__TASK BRIEF__. Return every record verbatim, omitting all pictures.

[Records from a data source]
========
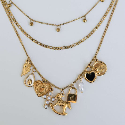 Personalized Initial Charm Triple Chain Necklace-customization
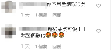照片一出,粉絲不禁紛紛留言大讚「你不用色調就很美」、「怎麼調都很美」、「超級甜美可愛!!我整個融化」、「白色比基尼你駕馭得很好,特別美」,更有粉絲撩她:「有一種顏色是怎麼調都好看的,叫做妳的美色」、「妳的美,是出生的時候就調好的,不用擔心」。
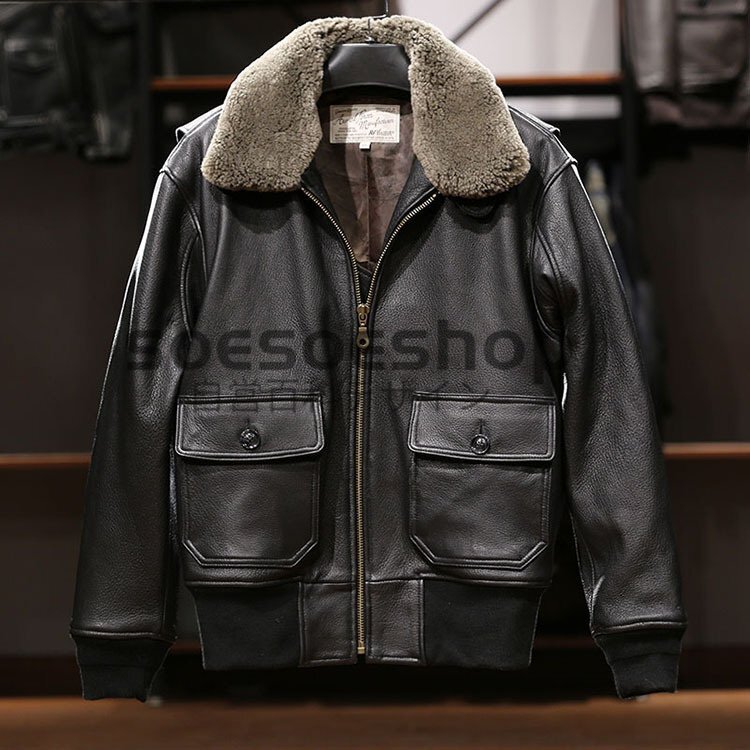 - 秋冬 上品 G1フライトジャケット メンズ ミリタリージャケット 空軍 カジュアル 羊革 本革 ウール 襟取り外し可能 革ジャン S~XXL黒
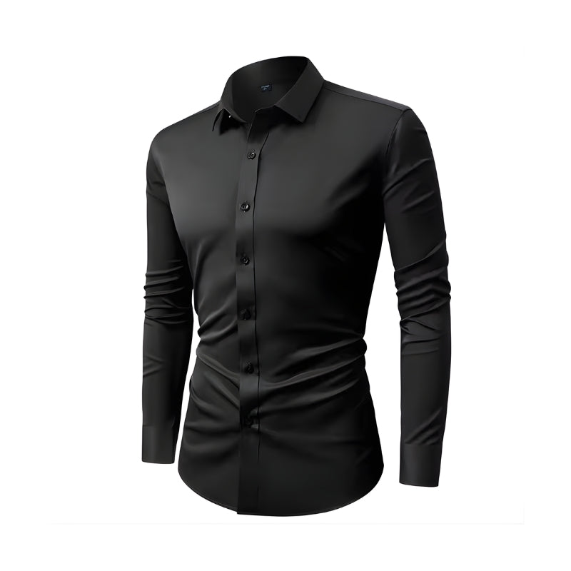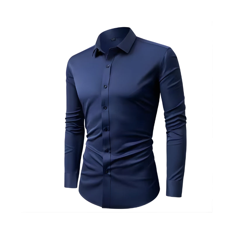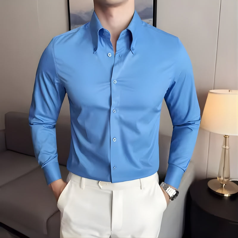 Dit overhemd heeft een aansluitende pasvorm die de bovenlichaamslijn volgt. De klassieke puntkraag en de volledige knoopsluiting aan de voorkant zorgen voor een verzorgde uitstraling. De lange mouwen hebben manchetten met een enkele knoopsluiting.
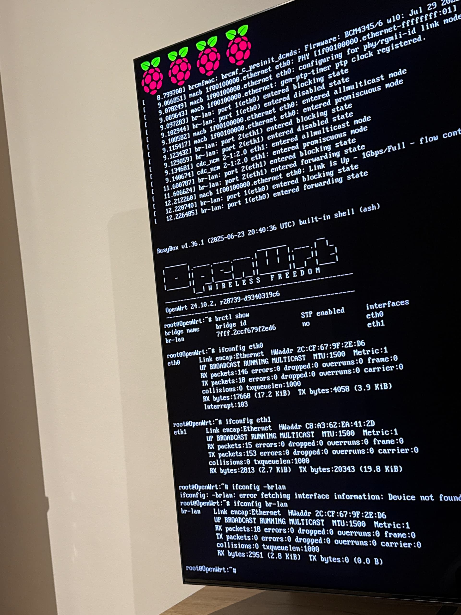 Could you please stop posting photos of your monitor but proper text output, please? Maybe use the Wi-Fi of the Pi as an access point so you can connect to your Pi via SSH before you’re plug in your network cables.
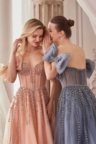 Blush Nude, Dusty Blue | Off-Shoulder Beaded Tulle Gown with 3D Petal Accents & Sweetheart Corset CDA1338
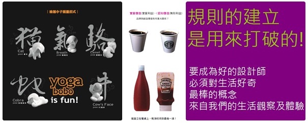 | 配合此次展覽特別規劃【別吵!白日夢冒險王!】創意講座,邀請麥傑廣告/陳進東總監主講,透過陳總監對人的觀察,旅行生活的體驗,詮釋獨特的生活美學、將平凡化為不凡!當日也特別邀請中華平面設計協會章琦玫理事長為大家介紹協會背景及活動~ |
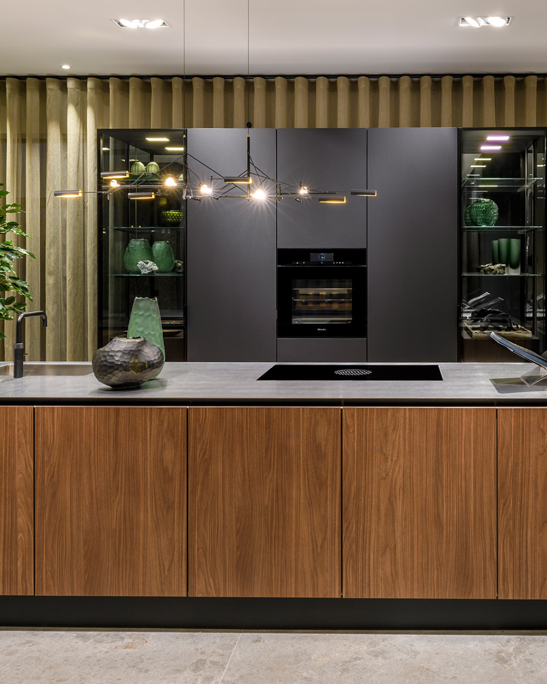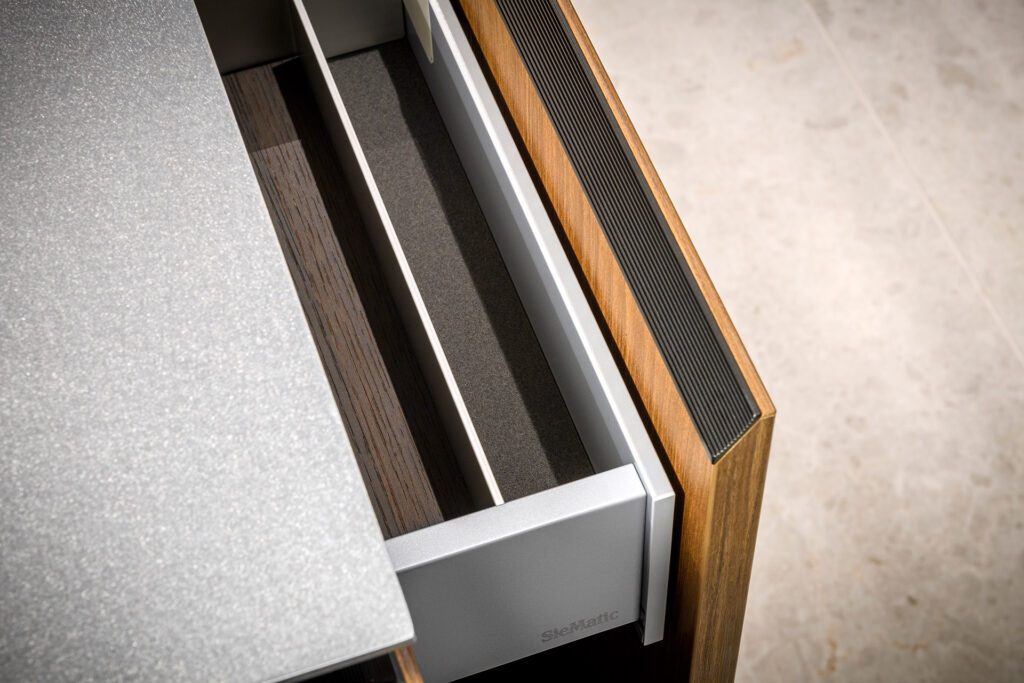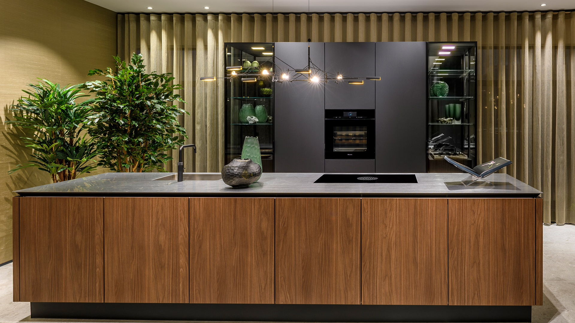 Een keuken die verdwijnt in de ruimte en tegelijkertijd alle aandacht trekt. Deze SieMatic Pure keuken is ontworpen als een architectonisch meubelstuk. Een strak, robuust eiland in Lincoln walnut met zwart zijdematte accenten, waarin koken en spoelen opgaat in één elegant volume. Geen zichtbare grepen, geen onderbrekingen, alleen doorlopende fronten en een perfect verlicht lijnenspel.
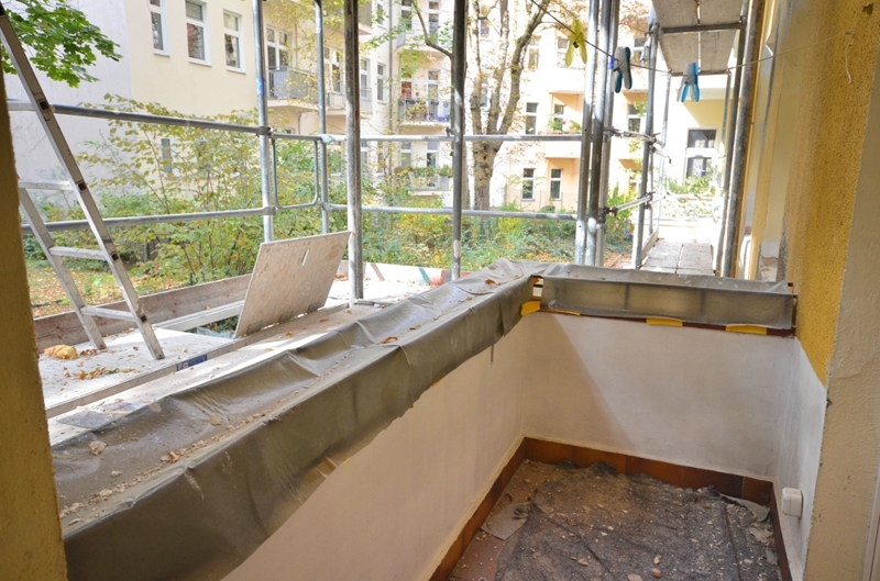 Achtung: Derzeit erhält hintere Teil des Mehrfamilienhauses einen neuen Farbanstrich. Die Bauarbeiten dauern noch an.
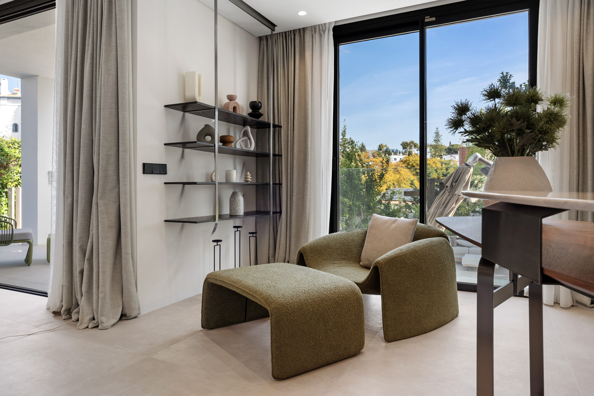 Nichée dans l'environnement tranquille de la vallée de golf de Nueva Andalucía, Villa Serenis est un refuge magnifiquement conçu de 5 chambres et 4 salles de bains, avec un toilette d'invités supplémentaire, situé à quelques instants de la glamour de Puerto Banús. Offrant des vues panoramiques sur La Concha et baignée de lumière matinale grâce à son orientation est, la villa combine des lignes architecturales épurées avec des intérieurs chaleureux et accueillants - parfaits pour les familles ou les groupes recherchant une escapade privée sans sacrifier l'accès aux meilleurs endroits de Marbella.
========
__WRITTEN ANSWER__.
 Personalized Initial Charm Triple Chain Necklace-customization
照片一出,粉絲不禁紛紛留言大讚「你不用色調就很美」、「怎麼調都很美」、「超級甜美可愛!!我整個融化」、「白色比基尼你駕馭得很好,特別美」,更有粉絲撩她:「有一種顏色是怎麼調都好看的,叫做妳的美色」、「妳的美,是出生的時候就調好的,不用擔心」。
 - 秋冬 上品 G1フライトジャケット メンズ ミリタリージャケット 空軍 カジュアル 羊革 本革 ウール 襟取り外し可能 革ジャン S~XXL黒
 Dit overhemd heeft een aansluitende pasvorm die de bovenlichaamslijn volgt. De klassieke puntkraag en de volledige knoopsluiting aan de voorkant zorgen voor een verzorgde uitstraling. De lange mouwen hebben manchetten met een enkele knoopsluiting.
 Could you please stop posting photos of your monitor but proper text output, please? Maybe use the Wi-Fi of the Pi as an access point so you can connect to your Pi via SSH before you’re plug in your network cables.
 Blush Nude, Dusty Blue | Off-Shoulder Beaded Tulle Gown with 3D Petal Accents & Sweetheart Corset CDA1338
 | 配合此次展覽特別規劃【別吵!白日夢冒險王!】創意講座,邀請麥傑廣告/陳進東總監主講,透過陳總監對人的觀察,旅行生活的體驗,詮釋獨特的生活美學、將平凡化為不凡!當日也特別邀請中華平面設計協會章琦玫理事長為大家介紹協會背景及活動~ |
 Een keuken die verdwijnt in de ruimte en tegelijkertijd alle aandacht trekt. Deze SieMatic Pure keuken is ontworpen als een architectonisch meubelstuk. Een strak, robuust eiland in Lincoln walnut met zwart zijdematte accenten, waarin koken en spoelen opgaat in één elegant volume. Geen zichtbare grepen, geen onderbrekingen, alleen doorlopende fronten en een perfect verlicht lijnenspel.
 Achtung: Derzeit erhält hintere Teil des Mehrfamilienhauses einen neuen Farbanstrich. Die Bauarbeiten dauern noch an.
 Nichée dans l'environnement tranquille de la vallée de golf de Nueva Andalucía, Villa Serenis est un refuge magnifiquement conçu de 5 chambres et 4 salles de bains, avec un toilette d'invités supplémentaire, situé à quelques instants de la glamour de Puerto Banús. Offrant des vues panoramiques sur La Concha et baignée de lumière matinale grâce à son orientation est, la villa combine des lignes architecturales épurées avec des intérieurs chaleureux et accueillants - parfaits pour les familles ou les groupes recherchant une escapade privée sans sacrifier l'accès aux meilleurs endroits de Marbella.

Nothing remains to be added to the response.